Abstract It has long been recognized that the stable oxygen isotope 18O/16O ratios of chemical sediments show a systematic decrease with increasing age. This continuous, 3.8 Ga long secular trend has been attributed to 80 °C hot early Earth oceans, a ~15‰ lower 18O/16O ratio of Archean seawater, or diagenetic obliteration of the original isotope signal. We demonstrate that high-precision triple oxygen isotope measurements including the rare third stable oxygen isotope 17O on silica rocks (cherts) can be used to shed light on this major problem in geochemistry. Our triple oxygen isotope data do not support 80 °C hot oceans in the Archean. The data also exclude that the 18O/16O of seawater was much lower in the Archean. Also, a simple freshwater-origin of cherts is not supported by the new data.
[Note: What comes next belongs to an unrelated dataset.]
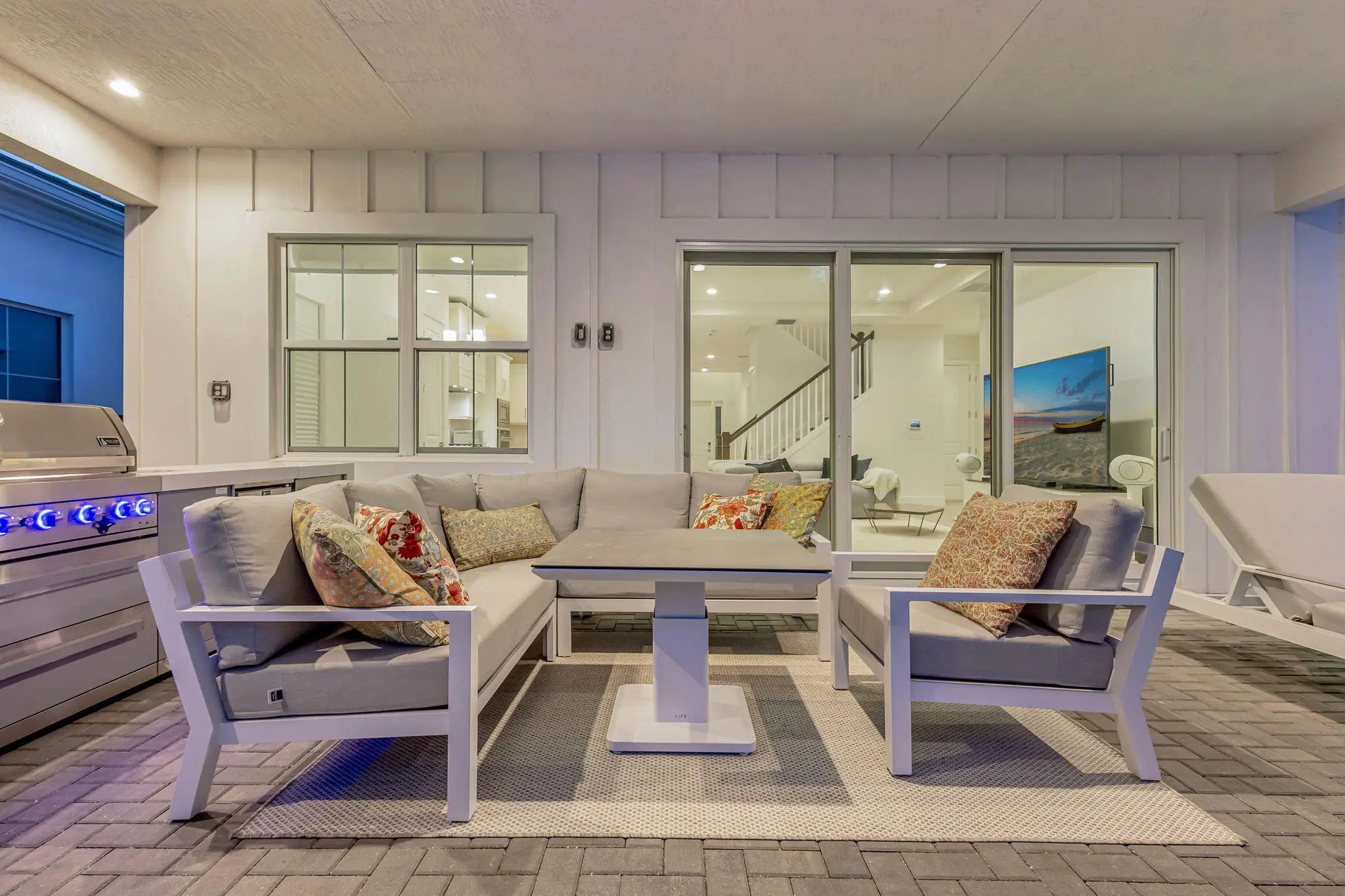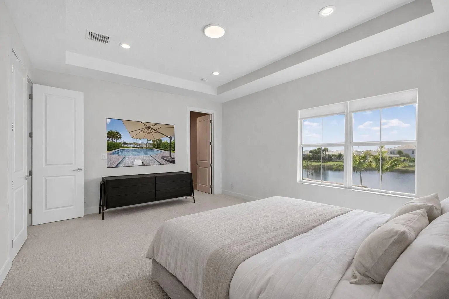 Waterfront living meets effortless luxury in this fully upgraded two-story pool home in the exclusive Windgate community of Avenir. Perfectly positioned on a private lakefront homesite, this residence offers stunning water views, exceptional outdoor living, and a flexible layout designed for today's lifestyle. Inside, bright open living spaces are complemented by two versatile flex rooms ideal for a home office, den, fitness studio, or media room. Thoughtfully designed for both everyday comfort and entertaining, the home blends style and functionality throughout. The outdoor setting is truly special. An expansive covered terrace with a fully equipped summer kitchen overlooks the sparkling pool and peaceful waterfront, creating the ultimate space for entertaining or relaxing year-round. Lush privacy landscaping and a fully fenced yard provide both beauty and seclusion. Additional highlights include a three-car garage, generous bedroom suites, and high-end upgrades throughout. Located in the heart of Avenir, residents enjoy resort-style amenities, scenic nature preserves, miles of trails, and convenient access to Palm Beach Gardens' premier shopping, dining, golf, and beaches. A rare opportunity to own a move-in-ready waterfront pool home in one of Avenir's most sought-after communities.

We discuss the effects of diagenetic alteration on the triple oxygen isotope compositions of cherts and show that the Archean and Proterozoic cherts could have equilibrated with fluids with higher 18O/16O than today's oceans. For the Archean cherts, the high 18O/16O fluids required to explain the observations could reflect the composition of ambient seawater or of modified hydrothermal fluids. Oceans with higher 18O/16O ratio would be expected for an Archean “water world” without large continents. High 18O/16O fluids, however, could also have formed locally by reactions between seawater and the oceanic crust. Our study shows that high-precision triple oxygen isotope data provide new understandings of processes deep in time.